Instructions for the task:
Leave the images aside and repeat the whole listing exactly.

Provided material:
+ + + +

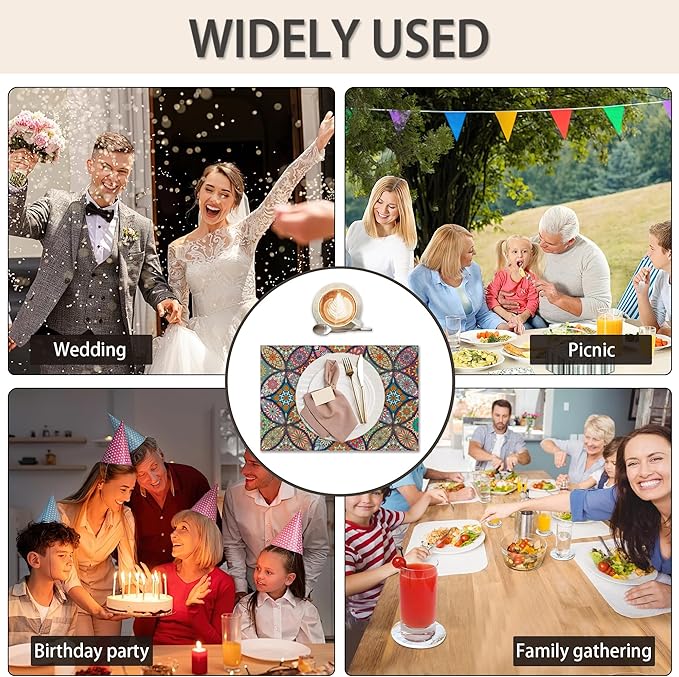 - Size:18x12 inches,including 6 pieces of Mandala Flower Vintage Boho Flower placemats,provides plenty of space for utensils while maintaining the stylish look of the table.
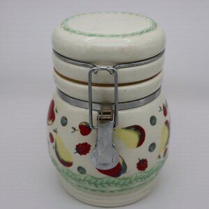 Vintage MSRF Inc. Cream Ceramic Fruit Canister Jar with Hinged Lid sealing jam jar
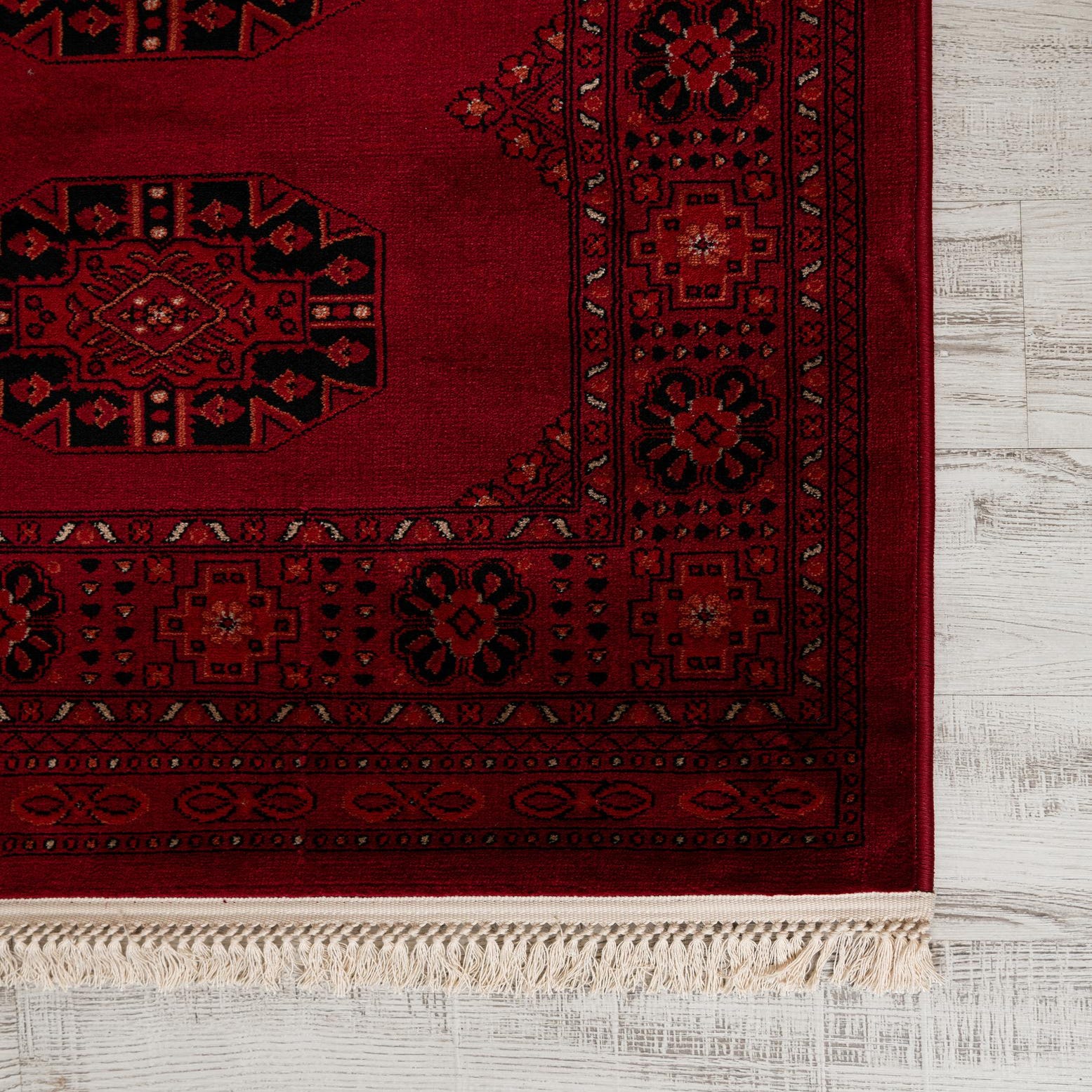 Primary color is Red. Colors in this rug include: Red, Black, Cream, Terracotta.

+ + + +

Task response:
 - Size:18x12 inches,including 6 pieces of Mandala Flower Vintage Boho Flower placemats,provides plenty of space for utensils while maintaining the stylish look of the table.
 Vintage MSRF Inc. Cream Ceramic Fruit Canister Jar with Hinged Lid sealing jam jar
 Primary color is Red. Colors in this rug include: Red, Black, Cream, Terracotta.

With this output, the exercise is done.